### Available data
══════════

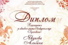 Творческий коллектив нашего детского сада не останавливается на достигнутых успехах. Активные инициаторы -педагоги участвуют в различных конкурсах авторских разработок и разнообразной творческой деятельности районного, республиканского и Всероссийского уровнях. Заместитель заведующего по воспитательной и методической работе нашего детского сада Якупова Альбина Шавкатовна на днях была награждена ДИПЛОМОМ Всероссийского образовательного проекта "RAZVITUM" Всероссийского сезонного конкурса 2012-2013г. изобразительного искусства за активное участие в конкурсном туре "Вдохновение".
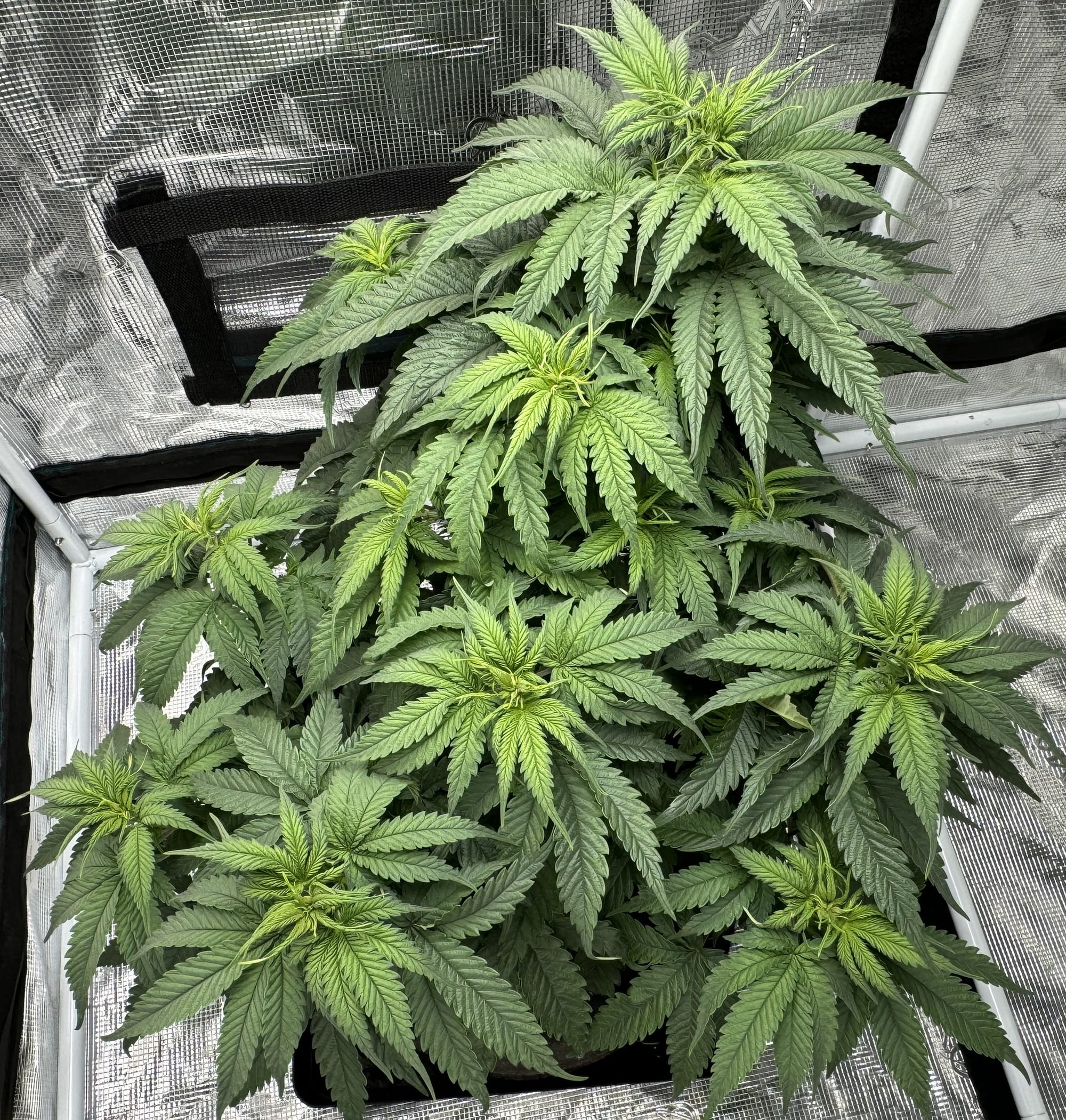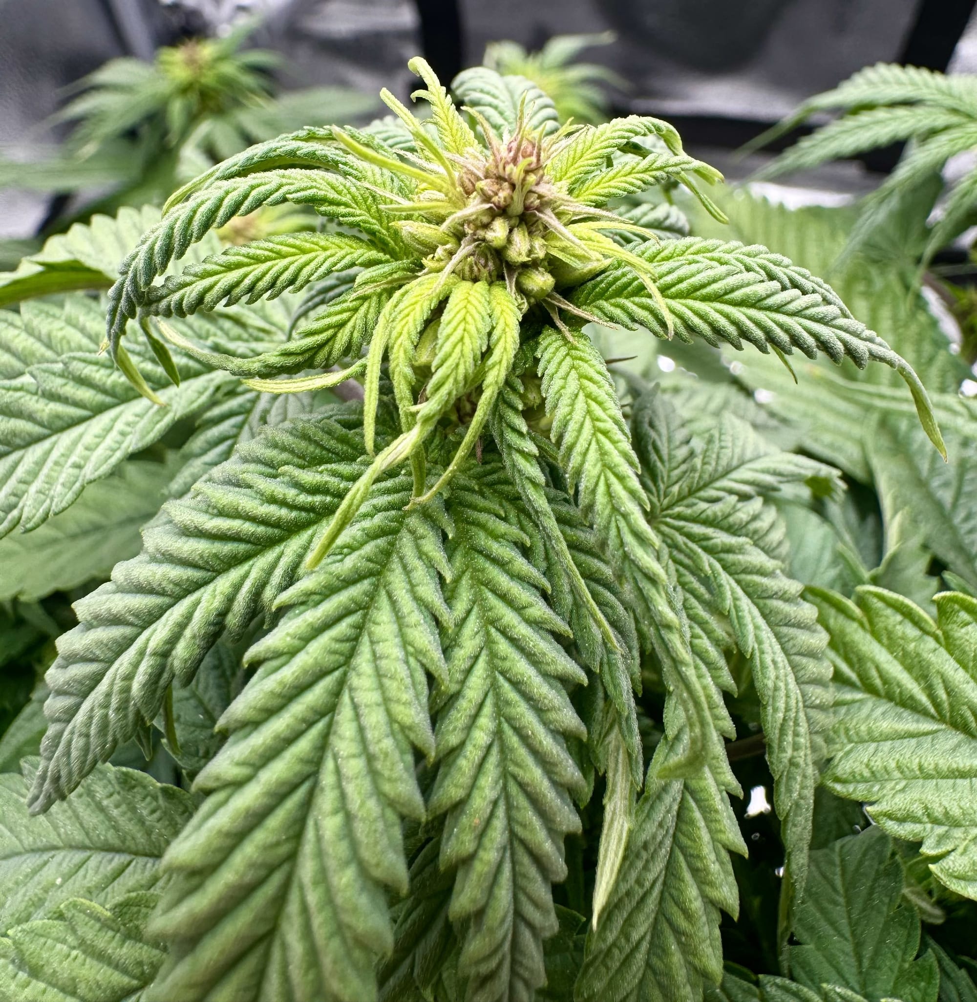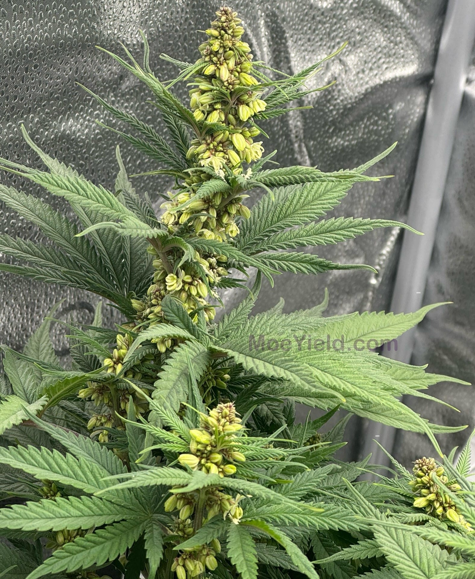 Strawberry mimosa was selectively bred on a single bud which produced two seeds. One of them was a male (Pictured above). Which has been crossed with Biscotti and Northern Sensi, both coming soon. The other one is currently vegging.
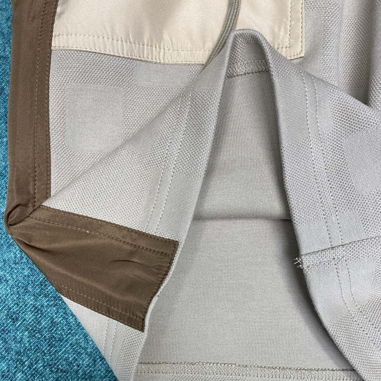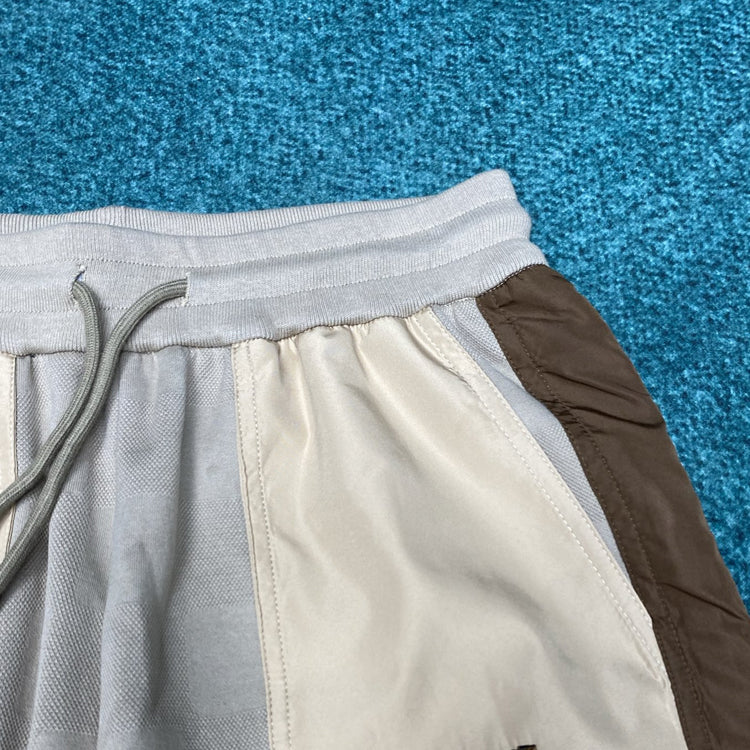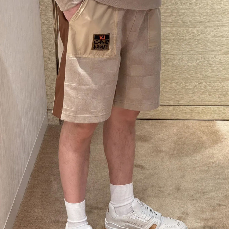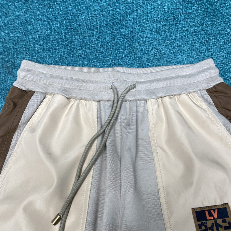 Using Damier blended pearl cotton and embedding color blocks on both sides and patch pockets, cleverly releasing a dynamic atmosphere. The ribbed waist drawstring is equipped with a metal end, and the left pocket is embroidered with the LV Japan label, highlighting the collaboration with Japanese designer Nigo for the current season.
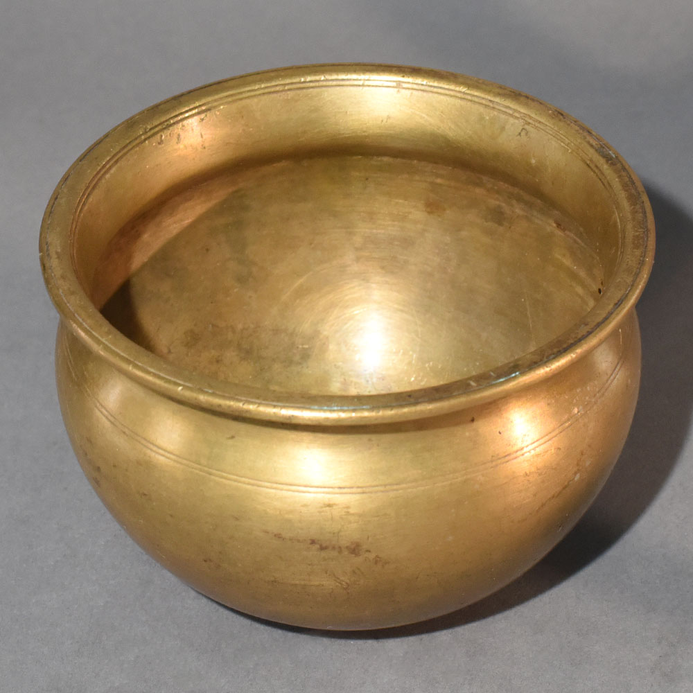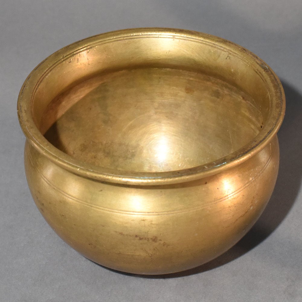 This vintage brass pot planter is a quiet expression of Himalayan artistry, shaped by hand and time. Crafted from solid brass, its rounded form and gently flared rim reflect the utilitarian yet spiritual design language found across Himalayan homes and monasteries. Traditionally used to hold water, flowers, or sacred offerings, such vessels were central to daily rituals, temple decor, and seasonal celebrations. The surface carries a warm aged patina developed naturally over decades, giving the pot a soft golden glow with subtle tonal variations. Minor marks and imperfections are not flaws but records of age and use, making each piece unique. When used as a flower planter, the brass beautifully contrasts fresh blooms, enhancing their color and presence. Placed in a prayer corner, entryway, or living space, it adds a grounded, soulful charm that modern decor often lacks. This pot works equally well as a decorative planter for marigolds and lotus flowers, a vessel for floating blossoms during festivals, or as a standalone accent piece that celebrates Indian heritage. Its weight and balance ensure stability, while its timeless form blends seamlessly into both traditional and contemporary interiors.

══════════

### What is required
Take the data above and set it down exactly, images excluded.

### Answer to the problem
 Творческий коллектив нашего детского сада не останавливается на достигнутых успехах. Активные инициаторы -педагоги участвуют в различных конкурсах авторских разработок и разнообразной творческой деятельности районного, республиканского и Всероссийского уровнях. Заместитель заведующего по воспитательной и методической работе нашего детского сада Якупова Альбина Шавкатовна на днях была награждена ДИПЛОМОМ Всероссийского образовательного проекта "RAZVITUM" Всероссийского сезонного конкурса 2012-2013г. изобразительного искусства за активное участие в конкурсном туре "Вдохновение".
 Strawberry mimosa was selectively bred on a single bud which produced two seeds. One of them was a male (Pictured above). Which has been crossed with Biscotti and Northern Sensi, both coming soon. The other one is currently vegging.
 Using Damier blended pearl cotton and embedding color blocks on both sides and patch pockets, cleverly releasing a dynamic atmosphere. The ribbed waist drawstring is equipped with a metal end, and the left pocket is embroidered with the LV Japan label, highlighting the collaboration with Japanese designer Nigo for the current season.
 This vintage brass pot planter is a quiet expression of Himalayan artistry, shaped by hand and time. Crafted from solid brass, its rounded form and gently flared rim reflect the utilitarian yet spiritual design language found across Himalayan homes and monasteries. Traditionally used to hold water, flowers, or sacred offerings, such vessels were central to daily rituals, temple decor, and seasonal celebrations. The surface carries a warm aged patina developed naturally over decades, giving the pot a soft golden glow with subtle tonal variations. Minor marks and imperfections are not flaws but records of age and use, making each piece unique. When used as a flower planter, the brass beautifully contrasts fresh blooms, enhancing their color and presence. Placed in a prayer corner, entryway, or living space, it adds a grounded, soulful charm that modern decor often lacks. This pot works equally well as a decorative planter for marigolds and lotus flowers, a vessel for floating blossoms during festivals, or as a standalone accent piece that celebrates Indian heritage. Its weight and balance ensure stability, while its timeless form blends seamlessly into both traditional and contemporary interiors.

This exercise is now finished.